◆ WHAT TO WORK ON:
Only text is carried over. Reproduce the entries below exactly.

◆ DATA FOR THIS TASK:
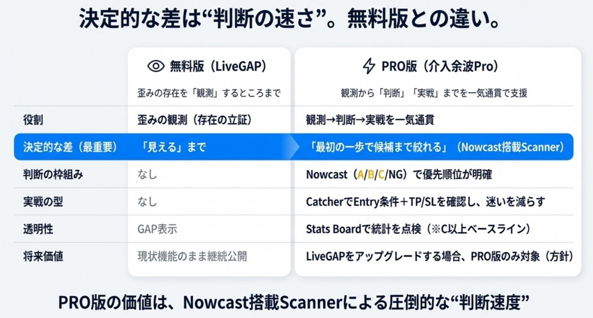 LiveGAP=観測。PRO=判断と実戦。LiveGAPは「歪みが本当に存在するのか?」を観測できる入口です。PROは、観測を 判断実戦 に落とす導線を持っています。
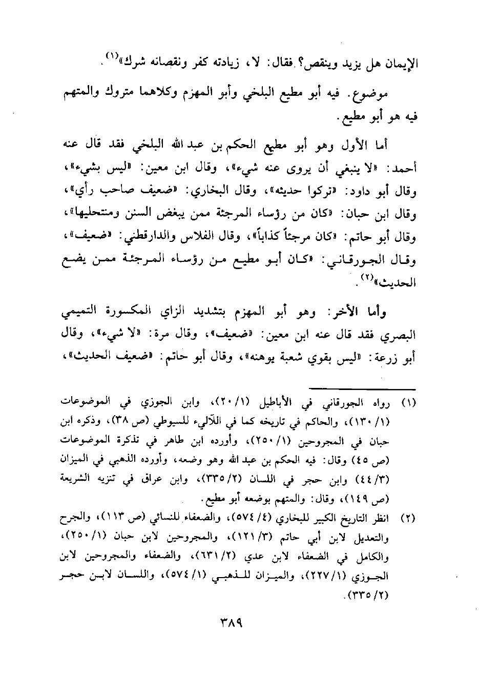 أما الأول وهو أبو مطيع الحكم بن عبد الله البلخي فقد قال عنه أحمد: "لا ينبغي أن يروى عنه شيء"، وقال ابن معين: "ليس بشيء"، وقال أبو داود: "تركوا حديثه"، وقال البخاري: "ضعيف صاحب رأي"، وقال ابن حبان: "كان من رؤساء المرجئة ممن يبغض السنن ومنتحليها"، وقال أبو حاتم: "كان مرجئاً كذاباً"، وقال الفلاس والدارقطني: "ضعيف"، وقال الجورقاني: "كان أبو مطيع من رؤساء المرجئة ممن يضع الحديث"2.
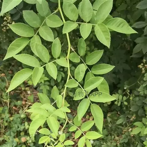 小叶5-9,近花序的小叶有时3,连叶柄长5-10厘米;小叶片倒卵形、长圆形或卵形,长1.5-5厘米,宽8-28毫米,先端急尖或圆钝,基部近圆形或楔形,边缘有尖锐单锯齿,稀混有重锯齿,上面无毛,下面有柔毛。
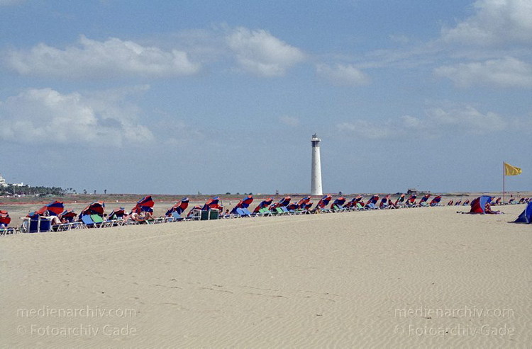 November 2001. Spanien. Kanarische Inseln. Fuerteventura. Jandia Playa. Strand. Liegestuhl. Liegestühle. Sonnenschirme. Leuchtturm. Urlauber. - Canary Islands. Beach
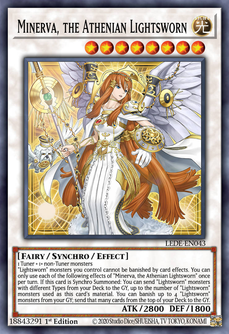 Minerva XYZ đã mạnh rồi Minerva Synchro còn mạnh hơn rất nhiều nữa. Khả năng của Minerva Athenian cho phép send đến 2 Lightsworn từ Deck, mà điểm chung của các Lightsworn đều có khả năng tự nhảy lên, bao gồm cả những Felis hay Wulf, từ đó có free thêm 2 body để extend combo.
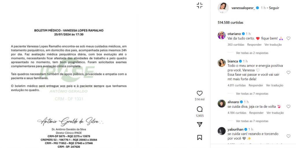 Por fim, o boletim médico pediu para que o público respeitasse a privacidade de Vanessa, já que se trata de um momento delicado na vida da influenciadora. “Tais quadros necessitam também de apoio público, privacidade e empatia com a paciente e seus familiares. O boletim médico será entregue aos pais e à paciente sempre que tenhamos evolução no quadro”, disse o comunicado.
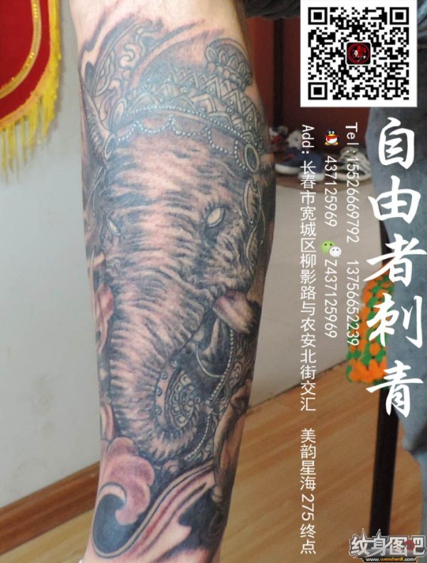 小腿上一款大象纹身图案_腿部纹身图案大全_纹身图吧
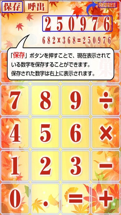 App Storeより引用秋の季節に輝く紅葉が美しい、和風で綺麗な電卓です。
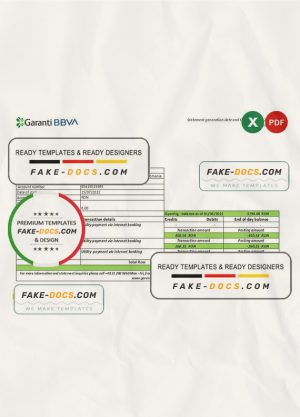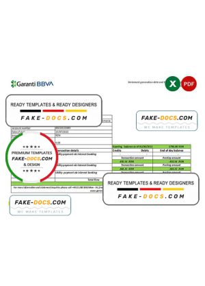 Romania Garanti BBVA bank statement, Excel and PDF template
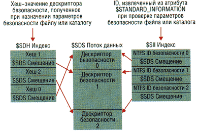 Благодаря универсальной индексации NTFS5 файлы и каталоги с одинаковыми параметрами безопасности эффективно используют общие дескрипторы. С помощью индекса $SII NTFS быстро отыскивает дескрипторы безопасности в файле $Secure в ходе проверок безопасности, а индекс $SDH позволяет быстро определить, имеется ли в файле $Secure ранее сохраненный дескриптор безопасности, пригодный для совместного использования с данным файлом или каталогом.
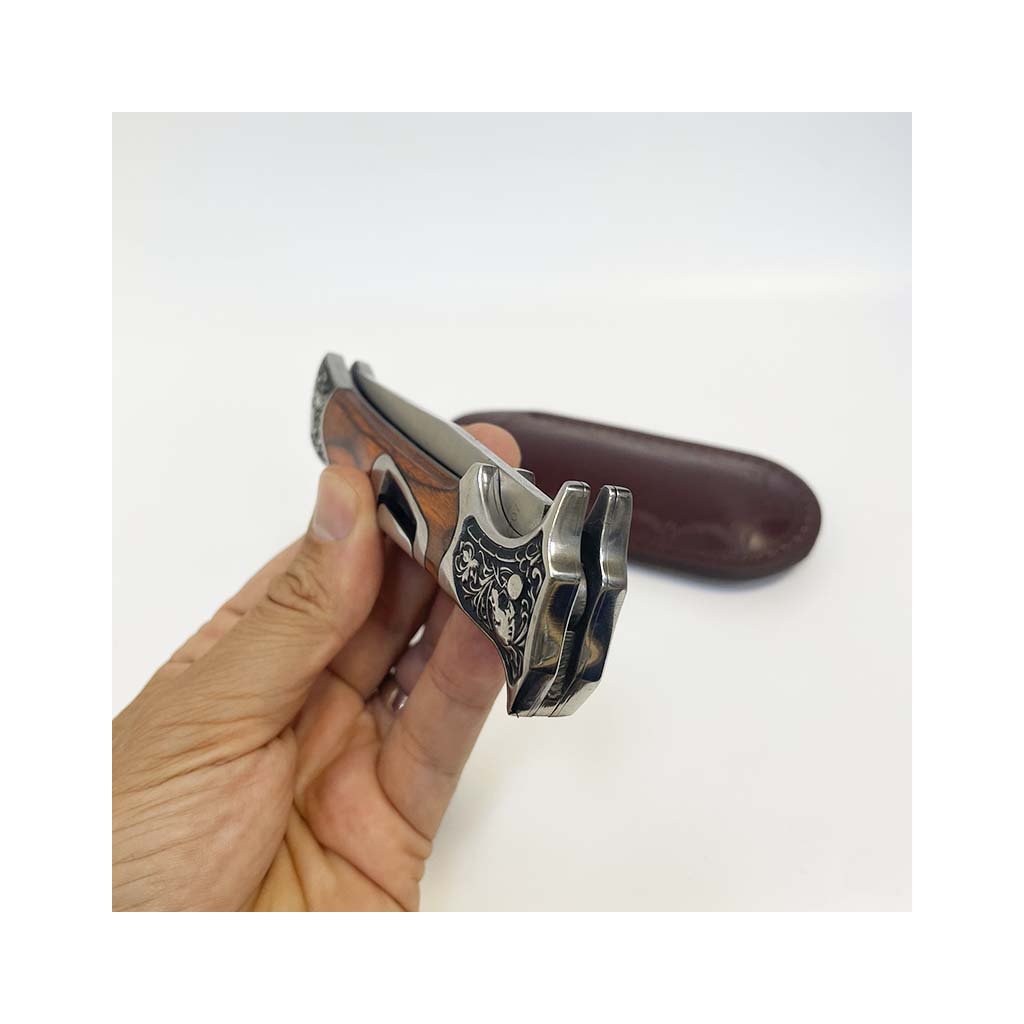 Exkluzivní vyklápěcí nůž s dřevěnou rukojetí (11 cm), vhodnou pro gravírování textu nebo monogramu. Délka nože při otevření 20,5 cm. Včetně koženého pouzdra. Perfektní dárek s...
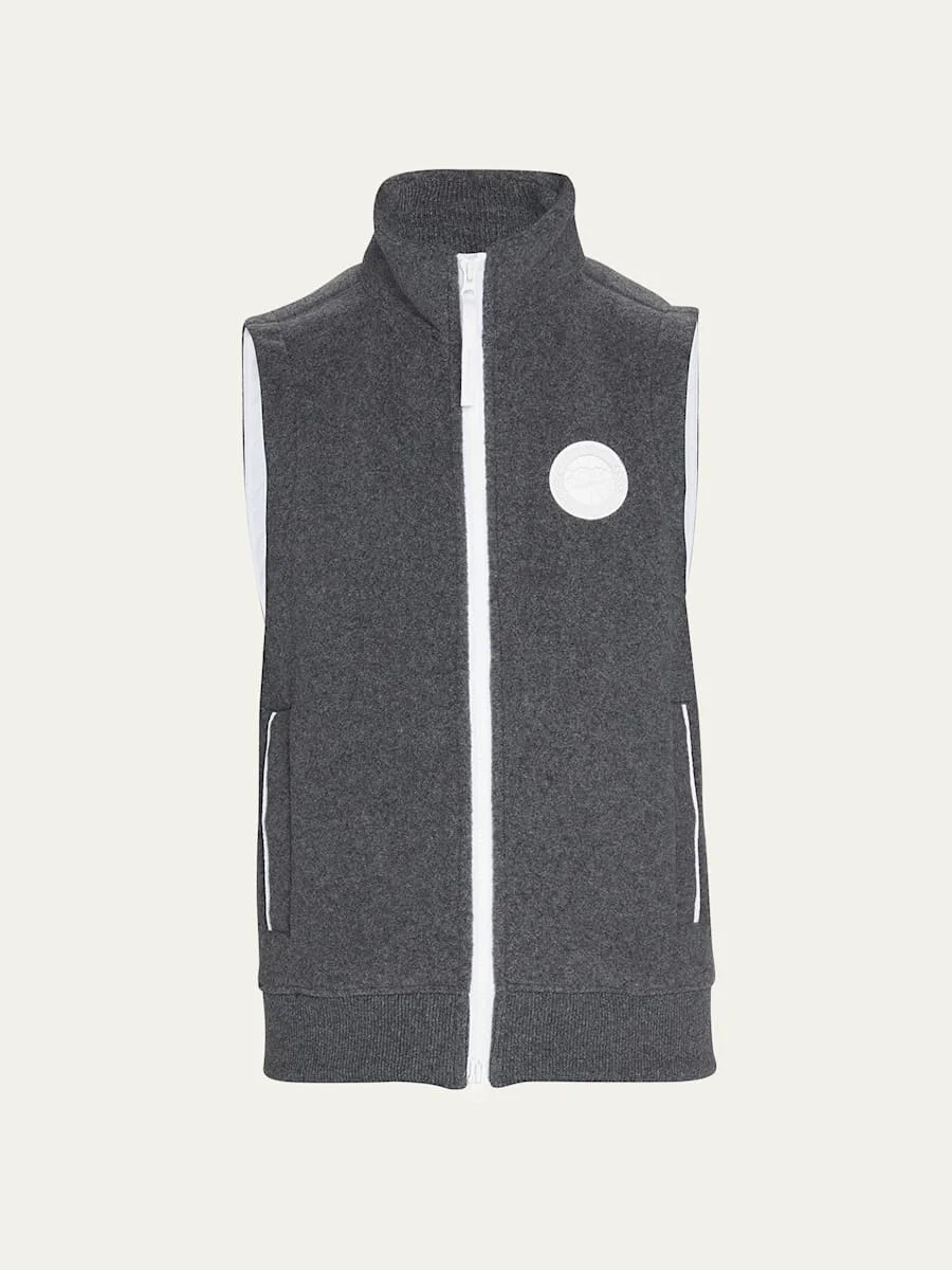 Canada Goose "Mersey" fleece vest with contrast trim Stand collar; two-way zip front closure Logo patch at chest Side welt pockets Sleeveless Ribbed hem Wool/polyamide/Tencel® lyocell Made in Canada Model is 6'1"/185cm. Online Inquiries: BGS21_N9B3F| Store Inquiries: #4328062

◆ ANSWER:
 LiveGAP=観測。PRO=判断と実戦。LiveGAPは「歪みが本当に存在するのか?」を観測できる入口です。PROは、観測を 判断実戦 に落とす導線を持っています。
 أما الأول وهو أبو مطيع الحكم بن عبد الله البلخي فقد قال عنه أحمد: "لا ينبغي أن يروى عنه شيء"، وقال ابن معين: "ليس بشيء"، وقال أبو داود: "تركوا حديثه"، وقال البخاري: "ضعيف صاحب رأي"، وقال ابن حبان: "كان من رؤساء المرجئة ممن يبغض السنن ومنتحليها"، وقال أبو حاتم: "كان مرجئاً كذاباً"، وقال الفلاس والدارقطني: "ضعيف"، وقال الجورقاني: "كان أبو مطيع من رؤساء المرجئة ممن يضع الحديث"2.
 小叶5-9,近花序的小叶有时3,连叶柄长5-10厘米;小叶片倒卵形、长圆形或卵形,长1.5-5厘米,宽8-28毫米,先端急尖或圆钝,基部近圆形或楔形,边缘有尖锐单锯齿,稀混有重锯齿,上面无毛,下面有柔毛。
 November 2001. Spanien. Kanarische Inseln. Fuerteventura. Jandia Playa. Strand. Liegestuhl. Liegestühle. Sonnenschirme. Leuchtturm. Urlauber. - Canary Islands. Beach
 Minerva XYZ đã mạnh rồi Minerva Synchro còn mạnh hơn rất nhiều nữa. Khả năng của Minerva Athenian cho phép send đến 2 Lightsworn từ Deck, mà điểm chung của các Lightsworn đều có khả năng tự nhảy lên, bao gồm cả những Felis hay Wulf, từ đó có free thêm 2 body để extend combo.
 Por fim, o boletim médico pediu para que o público respeitasse a privacidade de Vanessa, já que se trata de um momento delicado na vida da influenciadora. “Tais quadros necessitam também de apoio público, privacidade e empatia com a paciente e seus familiares. O boletim médico será entregue aos pais e à paciente sempre que tenhamos evolução no quadro”, disse o comunicado.
 小腿上一款大象纹身图案_腿部纹身图案大全_纹身图吧
 App Storeより引用秋の季節に輝く紅葉が美しい、和風で綺麗な電卓です。
 Romania Garanti BBVA bank statement, Excel and PDF template
 Благодаря универсальной индексации NTFS5 файлы и каталоги с одинаковыми параметрами безопасности эффективно используют общие дескрипторы. С помощью индекса $SII NTFS быстро отыскивает дескрипторы безопасности в файле $Secure в ходе проверок безопасности, а индекс $SDH позволяет быстро определить, имеется ли в файле $Secure ранее сохраненный дескриптор безопасности, пригодный для совместного использования с данным файлом или каталогом.
 Exkluzivní vyklápěcí nůž s dřevěnou rukojetí (11 cm), vhodnou pro gravírování textu nebo monogramu. Délka nože při otevření 20,5 cm. Včetně koženého pouzdra. Perfektní dárek s...
 Canada Goose "Mersey" fleece vest with contrast trim Stand collar; two-way zip front closure Logo patch at chest Side welt pockets Sleeveless Ribbed hem Wool/polyamide/Tencel® lyocell Made in Canada Model is 6'1"/185cm. Online Inquiries: BGS21_N9B3F| Store Inquiries: #4328062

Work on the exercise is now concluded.